COLLECTED MATERIAL: Begin

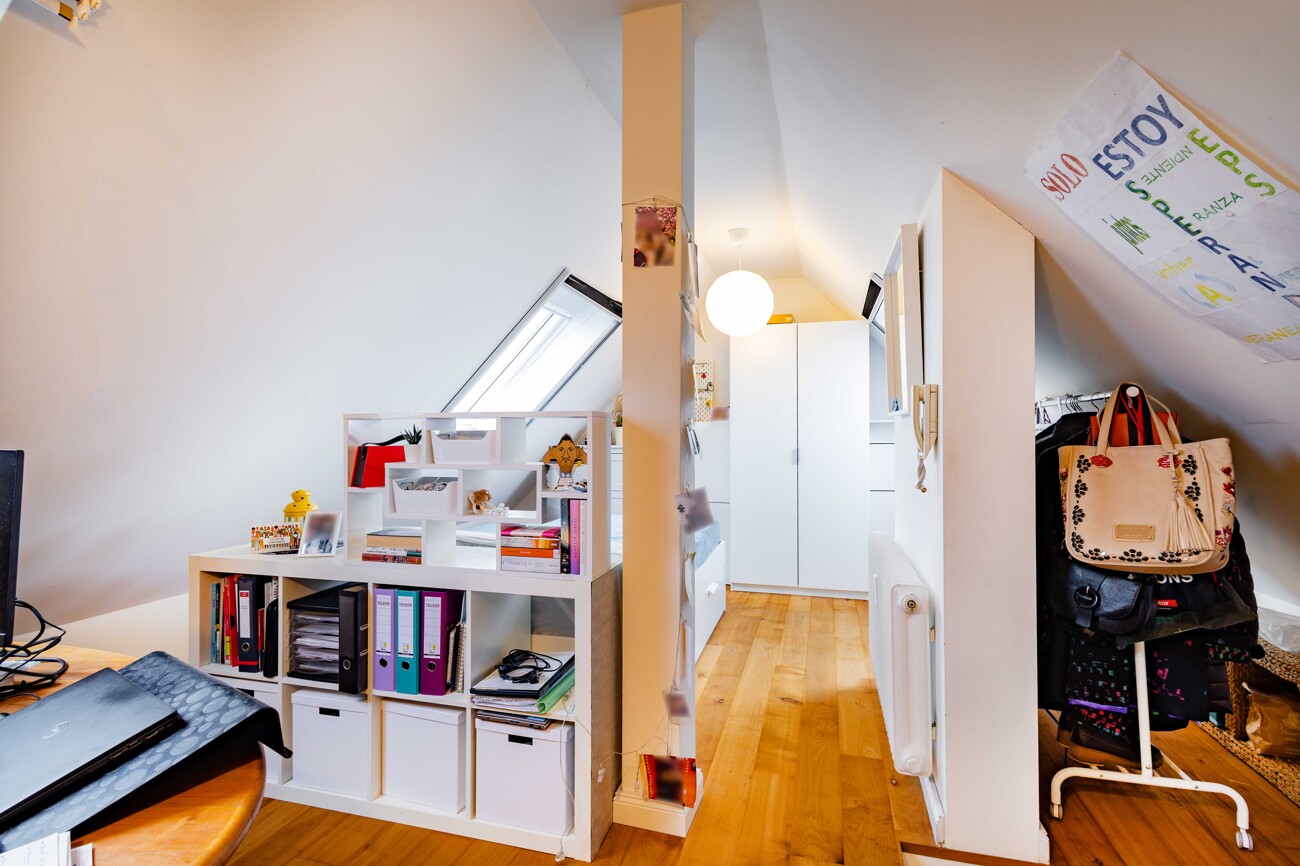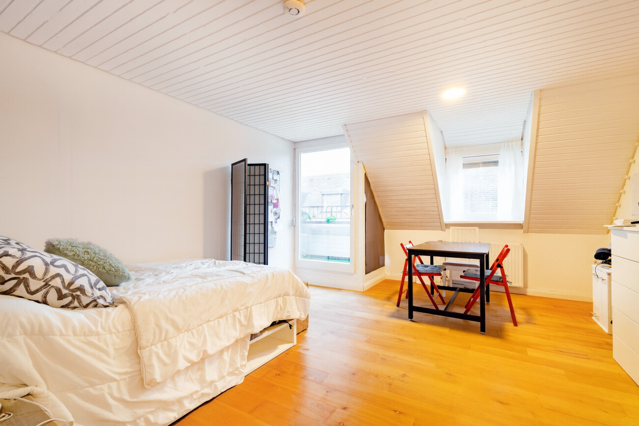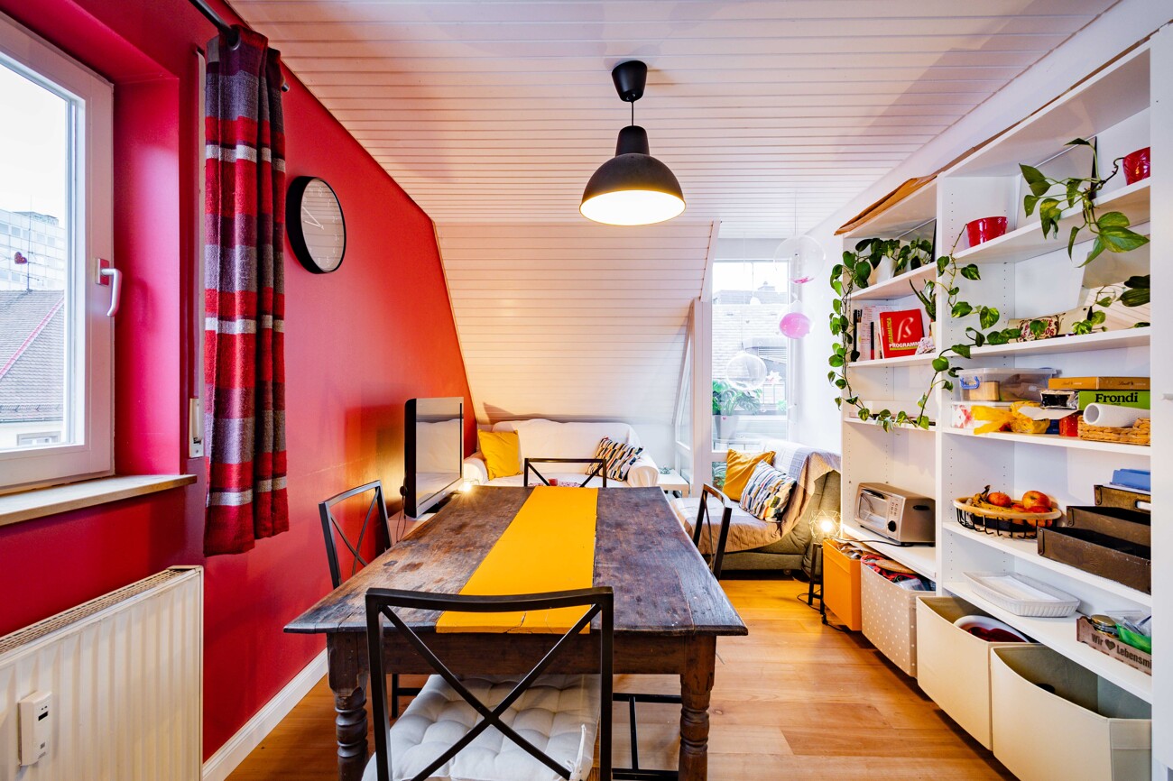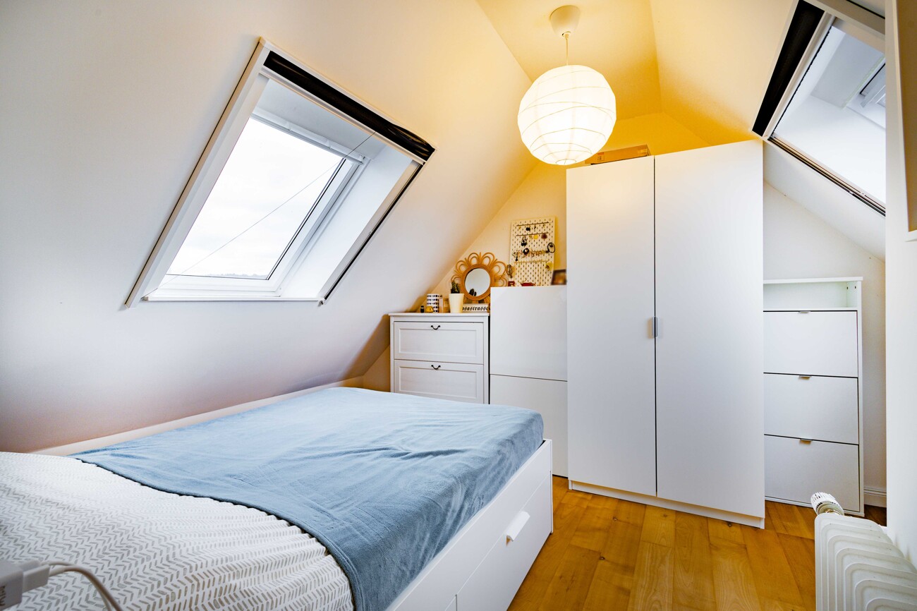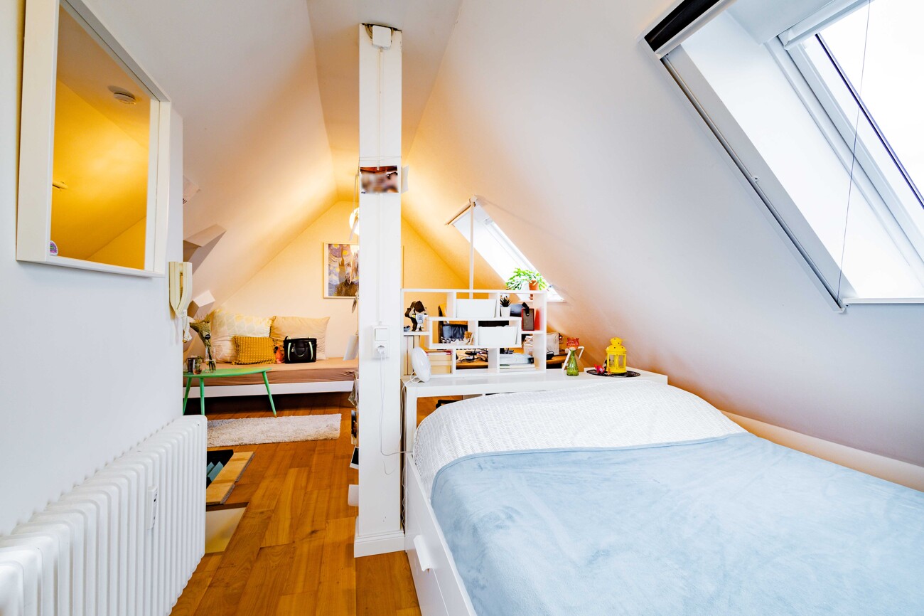 Die Besonderheit der Wohnung ist der ausgebaute Speicher. Hier finden Sie ein weiteres Zimmer mit Platz für ein Bett, einen Schreibtisch sowie weiteren Stauraum. Der Bereich ist beheizt und durch die Dachfenster gut belichtet.
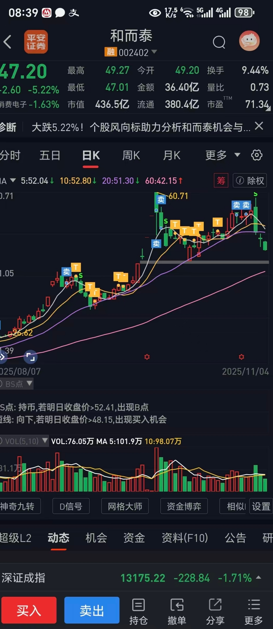 $和而泰(SZ002402)$ 交易就是一种等待,等卖点和买点
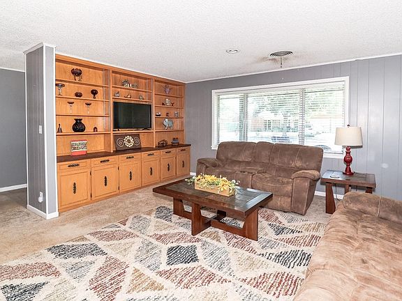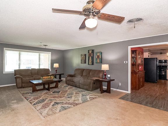 Warm and welcoming! Step into this 3 bedroom, 2 bath home and enjoy the cozy vibes. The open and spacious living area boasts a wall of built-ins for the book enthusiast and has a unique curved fireplace for those cozy, cold winter evenings ahead. The updated kitchen features a stylish modern tile backsplash, black appliances, breakfast bar, ample cabinet space, and the utility room is tucked away right around the corner with a pantry. The 2nd and 3rd bedrooms have great closet space and built-ins that minimize the need for additional clothes storage. The primary bedroom is spacious with it's own private bathroom, dressing area, and fantastic walk-in closet. The concrete patio out back offers a great place to cook and entertain, while the 2 storage buildings give home to all the yard equipment, tools, etc. Low maintenance vinyl siding on eaves and newer roof. Come see this great home today!
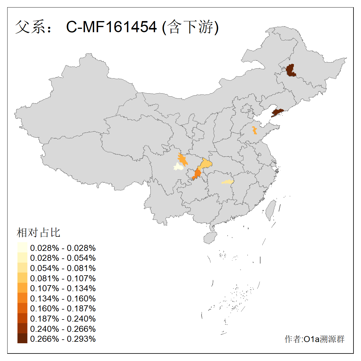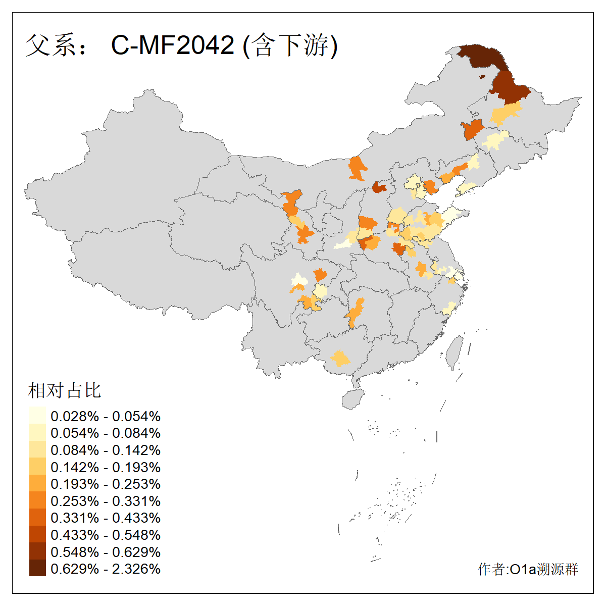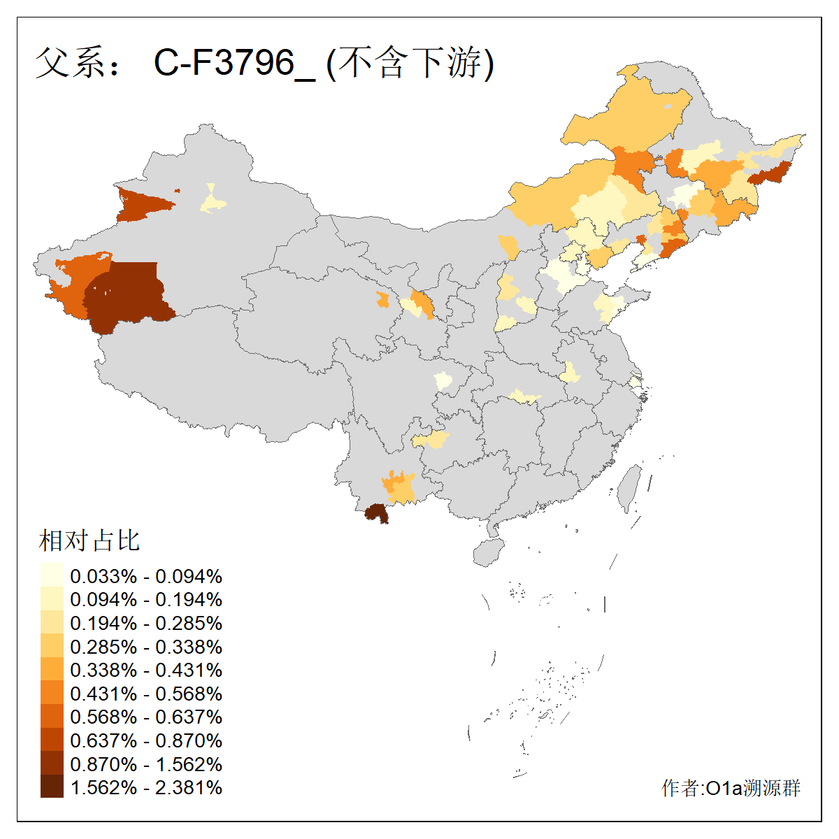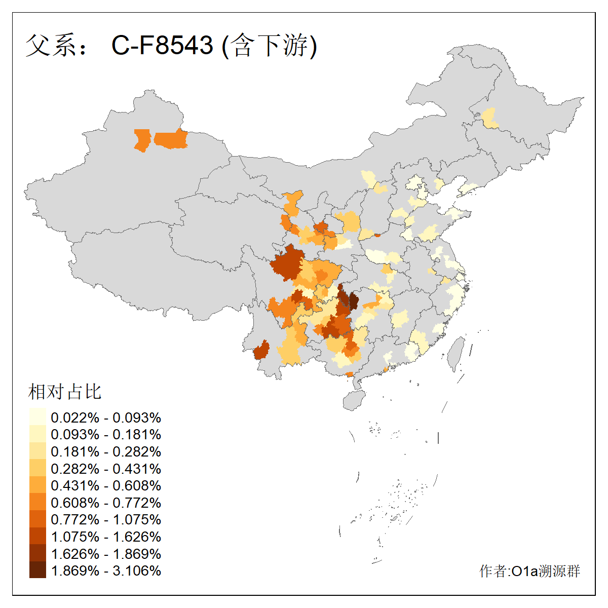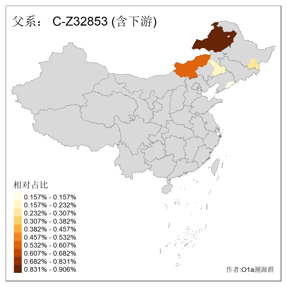 | C-M130_C-M217_C-L1373_C-F3447_C-F1699_C-Y6715_C-M504_C-Y4519_C-Y11121_C-F3796 | 2810 | 0.276% | 553人(含下游) 关:27 李:27 张:21 吴:19 王:18 阿:16 艾:14 赵:14 刘:12 巴:12 何:11 哈:11 包:10 白:10 ![]() | 101人(不含下游) 刘:8 李:8 吴:6 赵:6 张:5 王:5 赫:5 南:4 柴:4 火:3 郭:3 何:2 佟:2 傅:2 ![]() |

COLLECTED MATERIAL: End

* **YOUR GOAL**
Your copy should consist only of the lines from the line holding "Warm and welcoming!" through the final line of the listing above, both included, with all pictures omitted.

* **SOLUTION FOR THIS EXERCISE**
 Warm and welcoming! Step into this 3 bedroom, 2 bath home and enjoy the cozy vibes. The open and spacious living area boasts a wall of built-ins for the book enthusiast and has a unique curved fireplace for those cozy, cold winter evenings ahead. The updated kitchen features a stylish modern tile backsplash, black appliances, breakfast bar, ample cabinet space, and the utility room is tucked away right around the corner with a pantry. The 2nd and 3rd bedrooms have great closet space and built-ins that minimize the need for additional clothes storage. The primary bedroom is spacious with it's own private bathroom, dressing area, and fantastic walk-in closet. The concrete patio out back offers a great place to cook and entertain, while the 2 storage buildings give home to all the yard equipment, tools, etc. Low maintenance vinyl siding on eaves and newer roof. Come see this great home today!
 | C-M130_C-M217_C-L1373_C-F3447_C-F1699_C-Y6715_C-M504_C-Y4519_C-Y11121_C-F3796 | 2810 | 0.276% | 553人(含下游) 关:27 李:27 张:21 吴:19 王:18 阿:16 艾:14 赵:14 刘:12 巴:12 何:11 哈:11 包:10 白:10 ![]() | 101人(不含下游) 刘:8 李:8 吴:6 赵:6 张:5 王:5 赫:5 南:4 柴:4 火:3 郭:3 何:2 佟:2 傅:2 ![]() |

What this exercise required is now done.